GOAL OF THE EXERCISE
Omit all pictures, and print word for word only the lines from the one containing "Une nombreuse assemblée" through the end of the data.

::: GIVEN INFORMATION

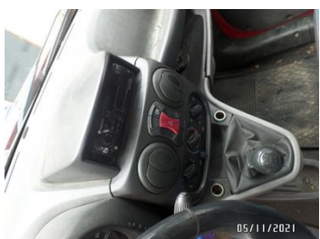
Fot. 37 foto 37
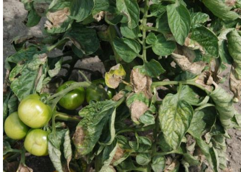
Erste Symptome durch Kraut- und Braunfäule an Tomaten
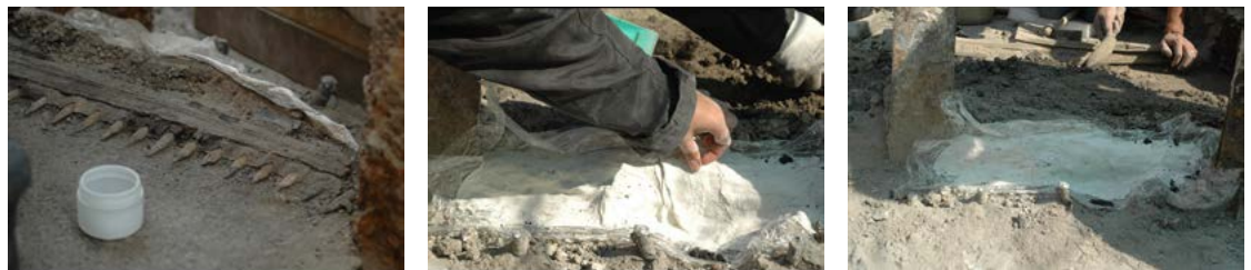
FIGURA 4. Ofrenda 165, extracción con vendas de yeso (Fotografía: Néstor Santiago, 2015; cortesía: Proyecto Templo Mayor [PTM], México).

Dependiendo de las características específicas de cada caso, para realizar los bloques se utilizan vendas de yeso o se construyen cajas —de madera o de cartón— que dan contención a los materiales de relleno, entre los que se encuentran: yeso, yeso con perlas de poliestireno (PS), perlas de poliestireno con adhesivos sintéticos, resina de poliuretano (PU) expansiva y resinas epóxicas (EP) de baja densidad (Araldit® o Ren Paste®). En casi todos los casos, estos bloques han servido como soportes auxiliares de trabajo en el laboratorio, y en muchas otras ocasiones forman también una base museográfica permanente para su exhibición dentro de las salas del Museo del Templo Mayor (MTM) (Figura 4).
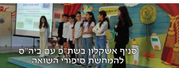
סניף אשקלון בשת"פ עם ביה"ס להמחשת סיפורי השואה
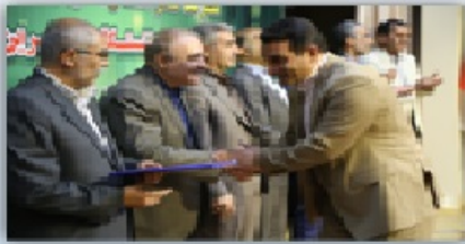
تفویض و شرح تکالیف
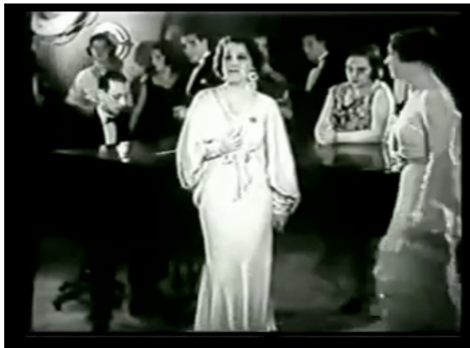
F.5 Escena del “barco”: performance de Libertad Lamarque “Andate, no te vayas”
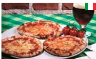
Snack-Pizza 15 cm
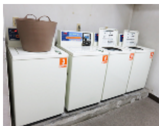
【ランドリールーム】

★2路線3駅利用可★ 都営三田線 新板橋駅 徒歩9分 JR埼京線 板橋駅 徒歩13分 都営浅草線 西巣鴨駅 徒歩13分
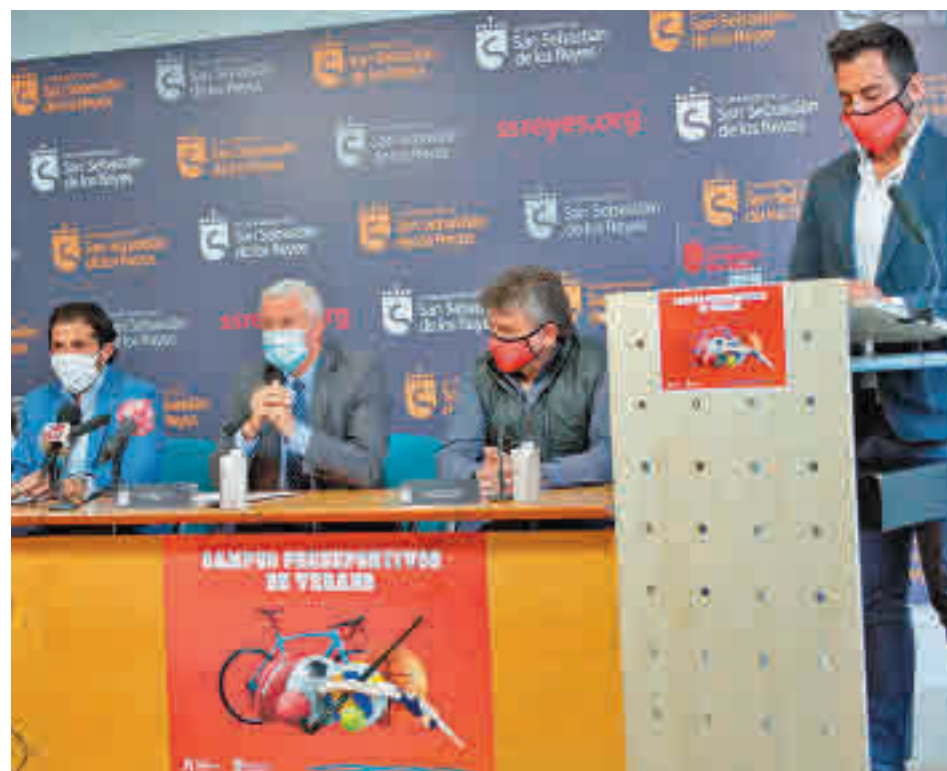
Presentación de estas actividades veraniegas

Toda la actualidad de Sanse y Alcobendas, en nuestra web
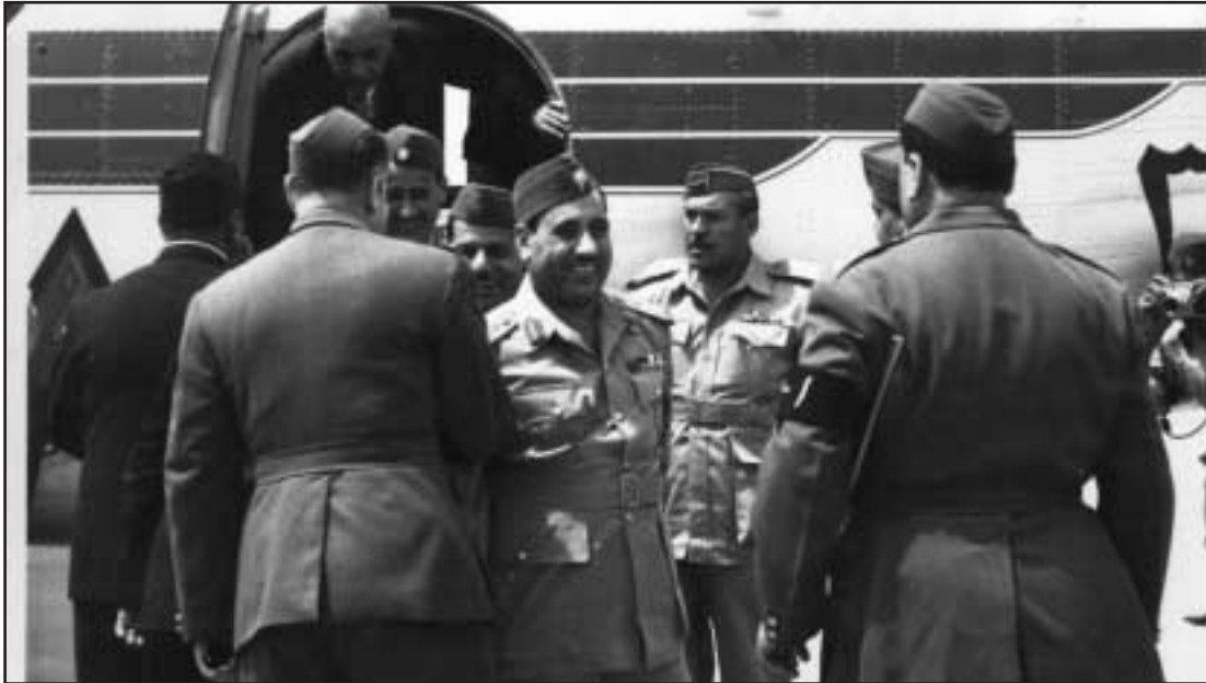
عبد السلام في زيارته الاولى للبصرة عام 1964
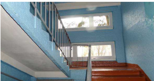
7 pav. Laiptinės langai
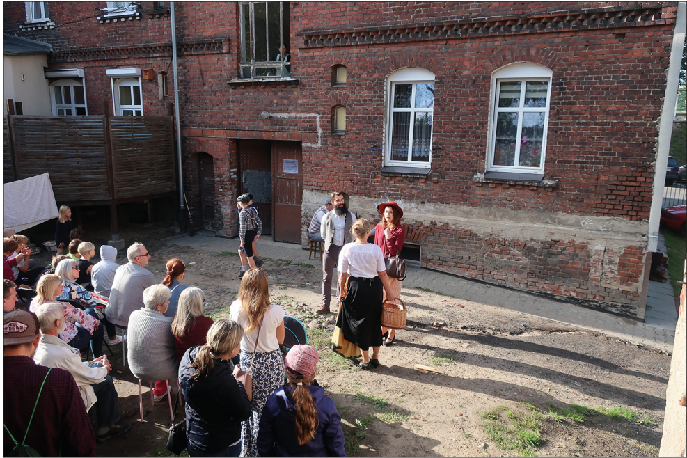
Ryc. 31. Spektakl Szepty starej kamienicy zorganizowany w ramach Europejskich Dni Dziedzictwa.
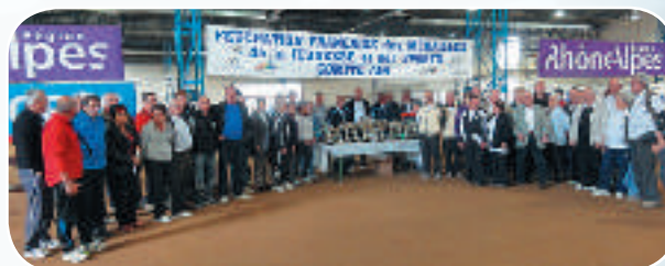
Une nombreuse assemblée qui a apprécié cette journée conviviale, et qui a félicité l'organisation du comité de l'Ain
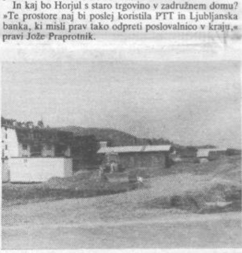
Za horjulsko trgovino
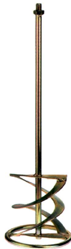
Wendel-Rührer Helicon Ribbon Stirrer
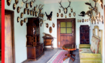
▲ Lovecký salónek
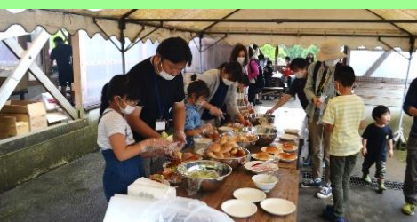
野外炊事朝食「スキレット料理」①
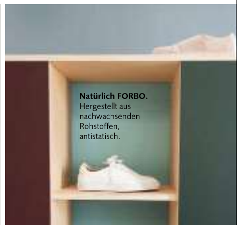
Natürlich FORBO. Hergestellt aus nachwachsenden Rohstoffen, antistatisch.
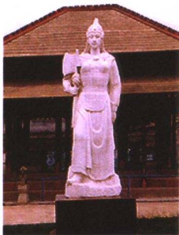
● 妇好汉白玉雕像(武丁的妻子)

::::::

SOLUTION TO THIS EXERCISE
Une nombreuse assemblée qui a apprécié cette journée conviviale, et qui a félicité l'organisation du comité de l'Ain
Za horjulsko trgovino
Wendel-Rührer Helicon Ribbon Stirrer
▲ Lovecký salónek
野外炊事朝食「スキレット料理」①
Natürlich FORBO. Hergestellt aus nachwachsenden Rohstoffen, antistatisch.
● 妇好汉白玉雕像(武丁的妻子)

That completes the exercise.